Rôtisserie Georgette Restaurant Review

: The architecture of the building in which Rôtisserie Georgette is housed sets the tone of the meal to come: elegant. The door of the restaurant complements it: casual. And that is exactly the way founder-owner Georgette Farkas wants it. A New York native, she started her culinary career at 16, then went on to a hospitality school in Switzerland, followed by extensive stages in France. Back in New York, Farkas was Daniel Boulud’s in-house marketing and PR person for many years. Now that she is flying on her own, she deliberately chose a simple concept after all the years of haute gastronomy: a rôtisserie. The ladies who lunch and the men who dine in sport coats sit on caramel-colored leather banquettes in a high-ceilinged room bedecked with Portuguese tiles and antique mirrors, preceded by a bar where the beautiful wood floor is worth a glance. We like the story of these azulejos (tiles): her father bought them in Portugal in the 60s and they had been in storage until Georgette told her mother she was going to buy Portuguese tiles for her restaurant. She got lucky, as Mr. Farkas had purchased tiles with butchery scenes and not ones with fishery or gardens.
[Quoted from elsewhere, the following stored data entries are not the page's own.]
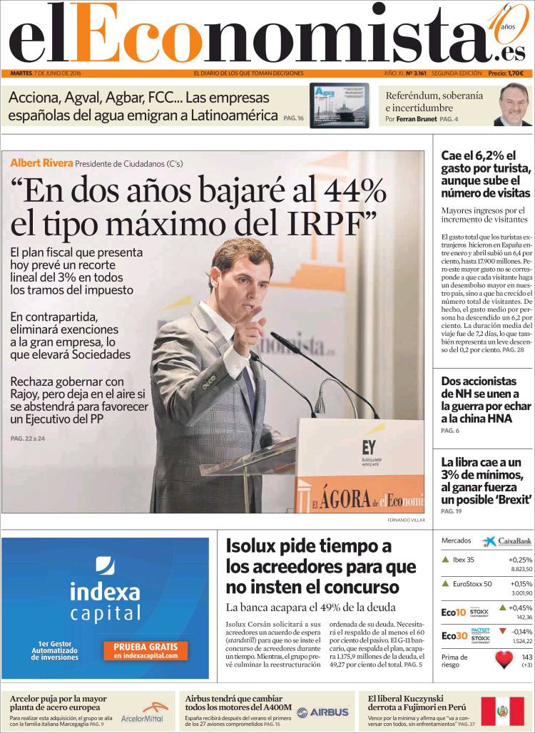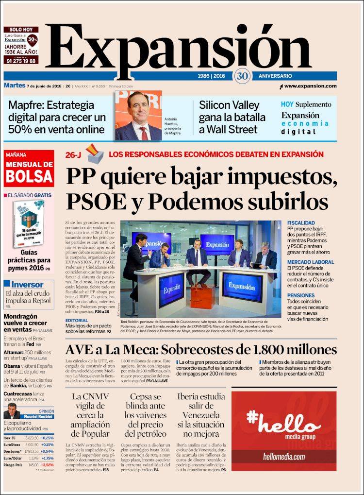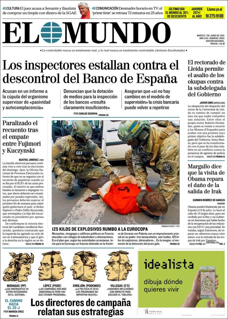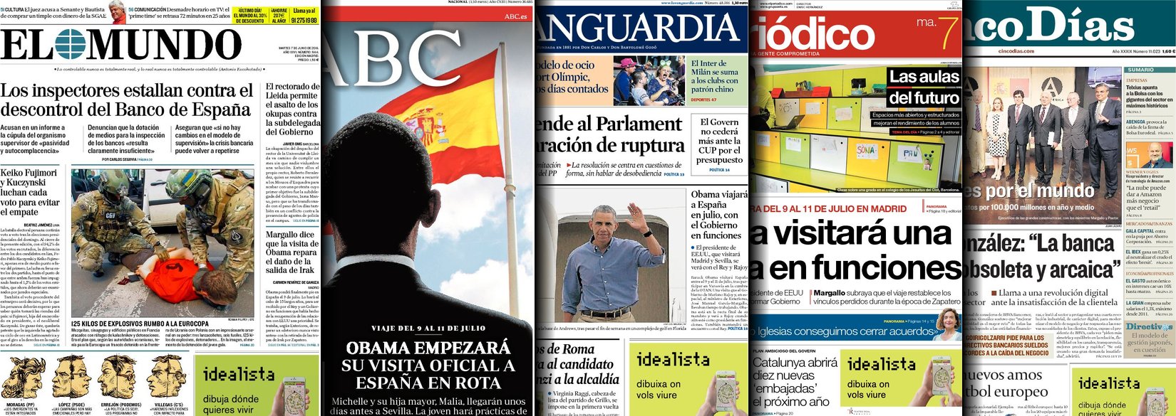 Portadas de los diarios El Mundo, El País, ABC, La Razón, La Vanguardia, El Periódico, Cinco Días, El Economista, Expansión, Marca, As, Mundo Deportivo y Sport.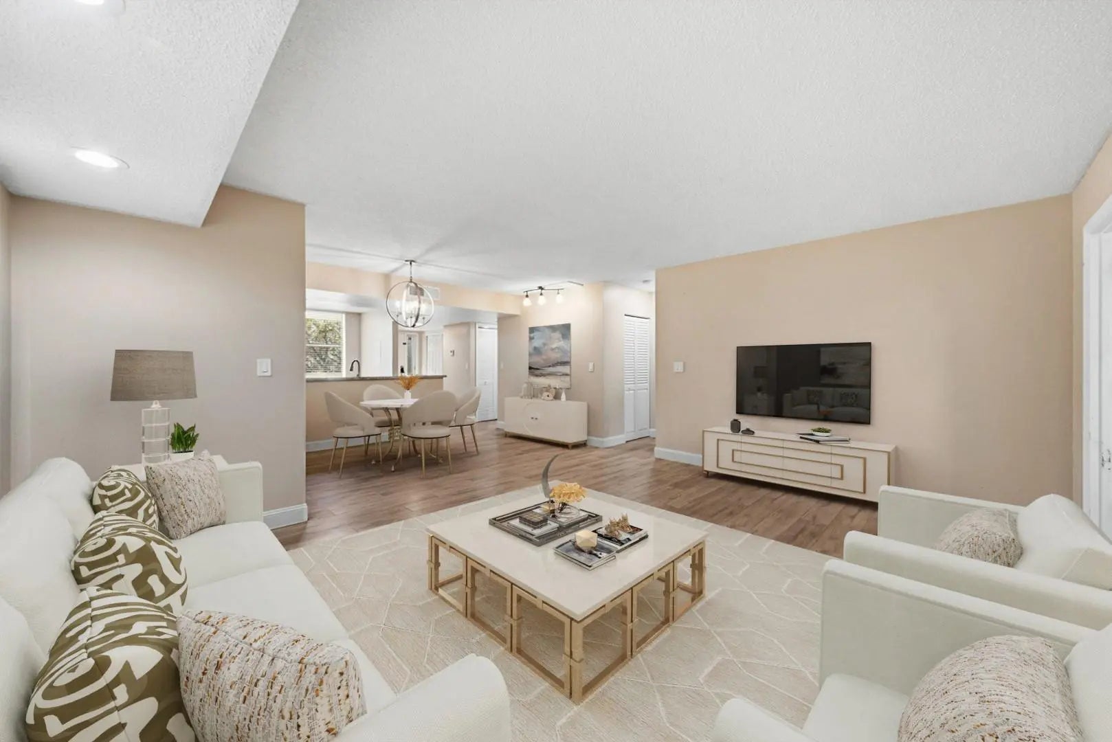 Welcome to this beautifully updated and spacious corner unit withmore than 1,300 sq. ft. of comfortable living. Located on the secondfloor of an elevator building. Unit features an updatedkitchen, renovated bathrooms, and newer flooring throughout the living areas. A versatile bonus room, ideal for a home office or additional living space. An interiorlaundry room with a full size washer and dryer. A rare find in a condoof this size. Come enjoy resort-style living with access to multiplepools, a state-of-the-art fitness center, tennis and racquetballcourts, a clubhouse, and a community theatre. Situatednear major highways, shopping, dining, and top-rated schools, this home offers bothcomfort and convenience in one of Coconut Creek’s most desirablecommunities.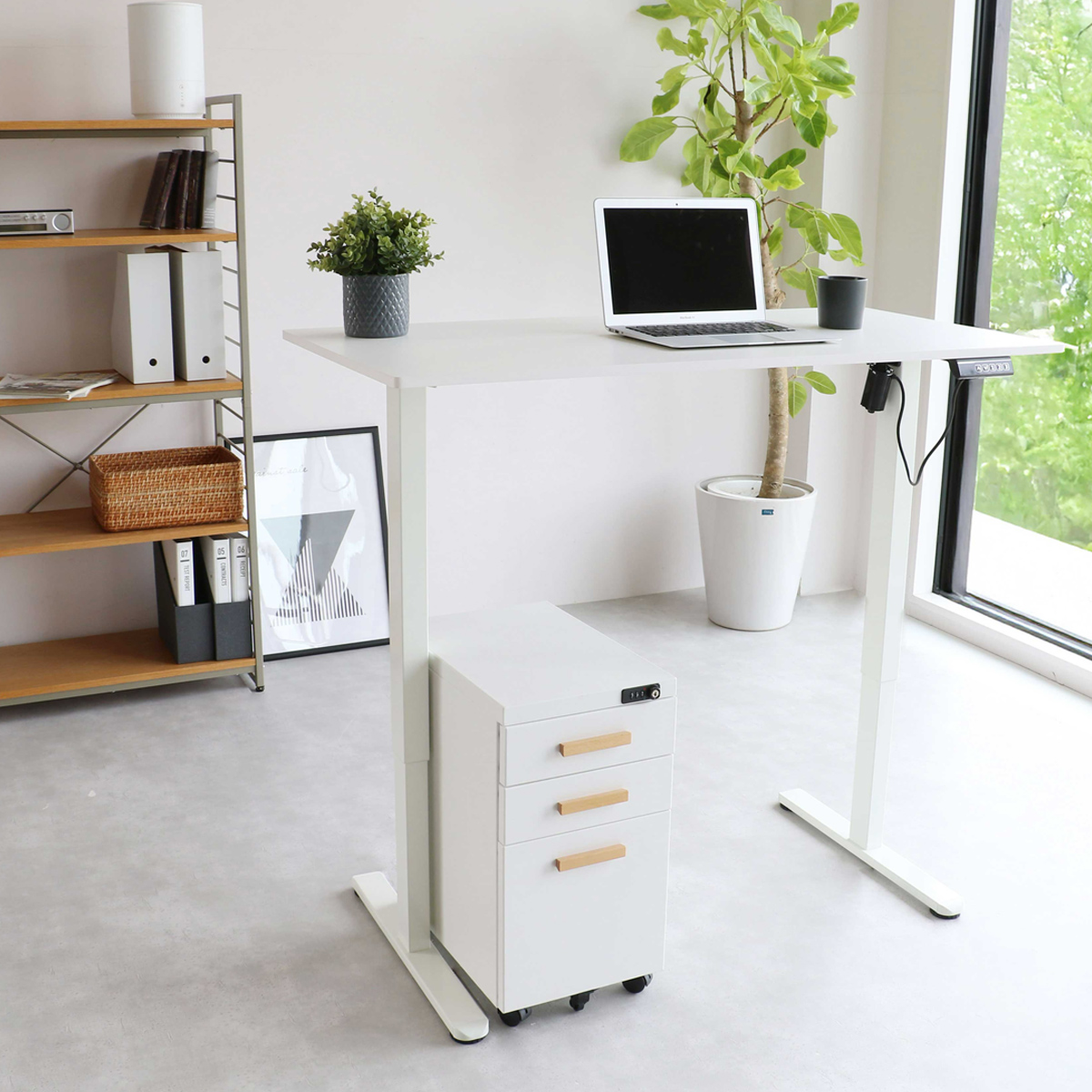 座りすぎを抑えて長時間のデスクワークでも快適な姿勢を維持できる、電動昇降デスクの幅1200mmタイプ。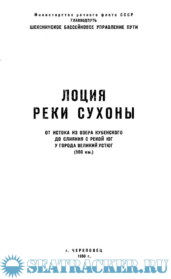 Лоция реки Сухоны от истока из озера Кубенского до слияния с рекой Юг у города Великий Устюг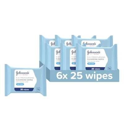 Johnson's Face Care Makeup Moisturising Wipes, Pack of 6 x 25 Wipes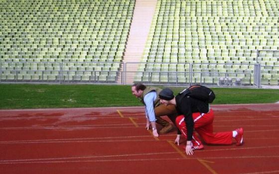 Leighton James, left, and Tom Judd line up on the athletics track at the 1972 Olympic Stadium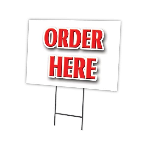 Order Here Yard Sign & Stake outdoor plastic coroplast window, C-1824 Order Here

The kitchen is run by executive chef Chad Brauze, former sous chef at Daniel, who you can see operating the actual rôtisserie in the open kitchen, nicely decorated with modern royal blue tiles on the walls. You may start with the “Salade G” composed of mesclun, frisée, Asian pear, walnuts, lardons and blue cheese. But we highly recommend the “Farro Printanière,” a farro, squash, mushrooms, arugula, tomato, pine nuts and Parmesan salad served warm --- it’s a great dish for vegetarians as it can be sized as a main course. Charcuterie is “maison,” meaning house-made, and encompasses duck rillettes, wild boar pâté or foie gras terrine. From the rôtisserie, expect, of course, roasted chicken (half or a whole bird for two), baby-back ribs, guinea hen or an orange-cranberry-glazed duck. And if you order 72-hours ahead for a group of six to eight gourmands, you can have suckling pig, rabbit or a leg of lamb. In the side dishes category the “Rôtisserie Potatoes” are a must. Finish with the rich chocolate soufflé and its vanilla ice cream or the refreshing grapefruit sabayon. The wine list, while pricey, is a good one and heavy on Gallic varieties. Service is professional, and we like the blue shirts and brown leather aprons worn by the staff.